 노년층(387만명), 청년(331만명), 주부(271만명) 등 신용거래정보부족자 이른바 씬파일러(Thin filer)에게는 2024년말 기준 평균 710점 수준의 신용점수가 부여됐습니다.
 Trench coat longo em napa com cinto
* * *
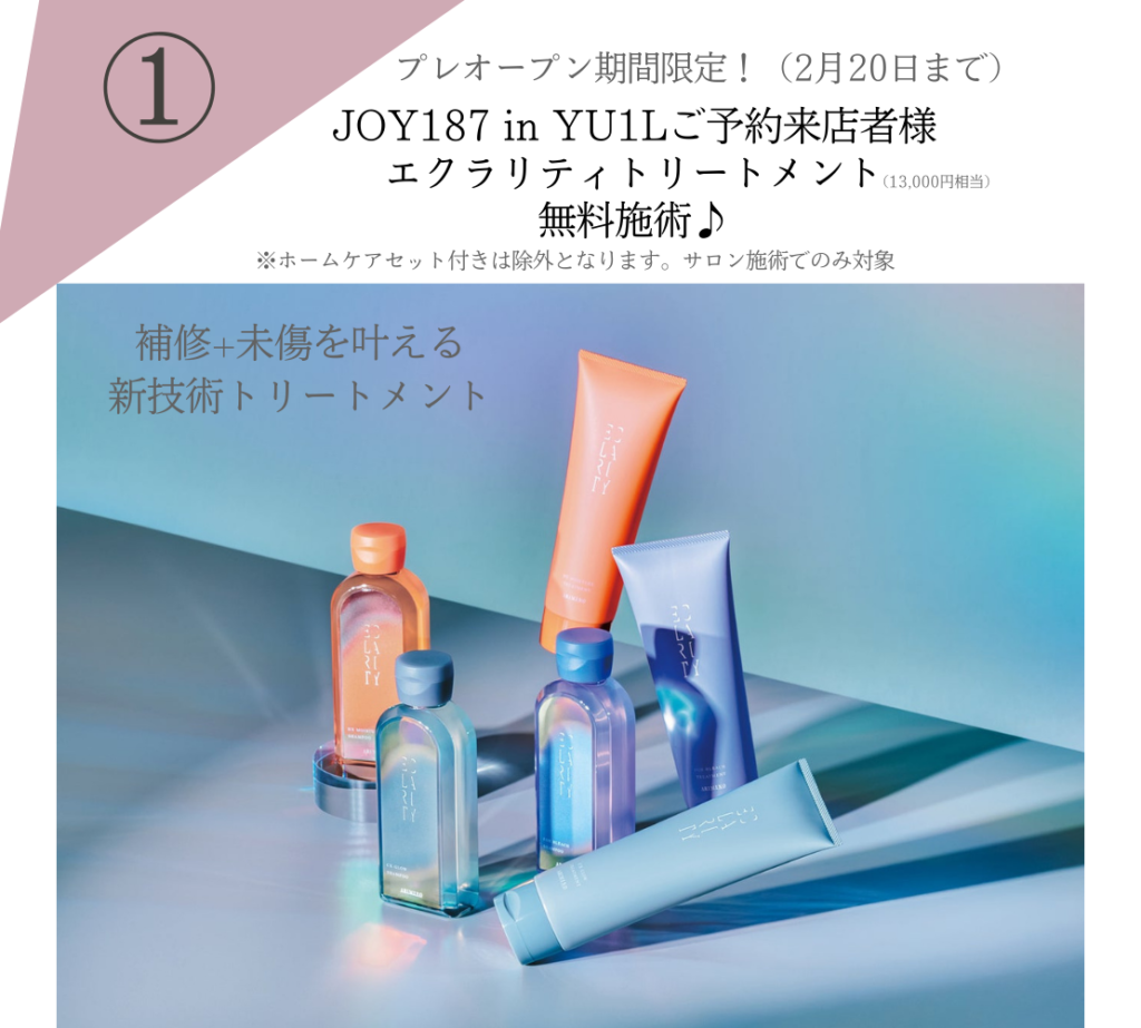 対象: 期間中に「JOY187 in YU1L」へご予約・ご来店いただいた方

> [Task to carry out]: Taking the entries above, write out exactly each line from the one holding "노년층(387만명), 청년(331만명), 주부(271만명)" to the one holding "Trench coat longo em napa com cinto", both included, and stop there.

> [Solution]:
 노년층(387만명), 청년(331만명), 주부(271만명) 등 신용거래정보부족자 이른바 씬파일러(Thin filer)에게는 2024년말 기준 평균 710점 수준의 신용점수가 부여됐습니다.
 Trench coat longo em napa com cinto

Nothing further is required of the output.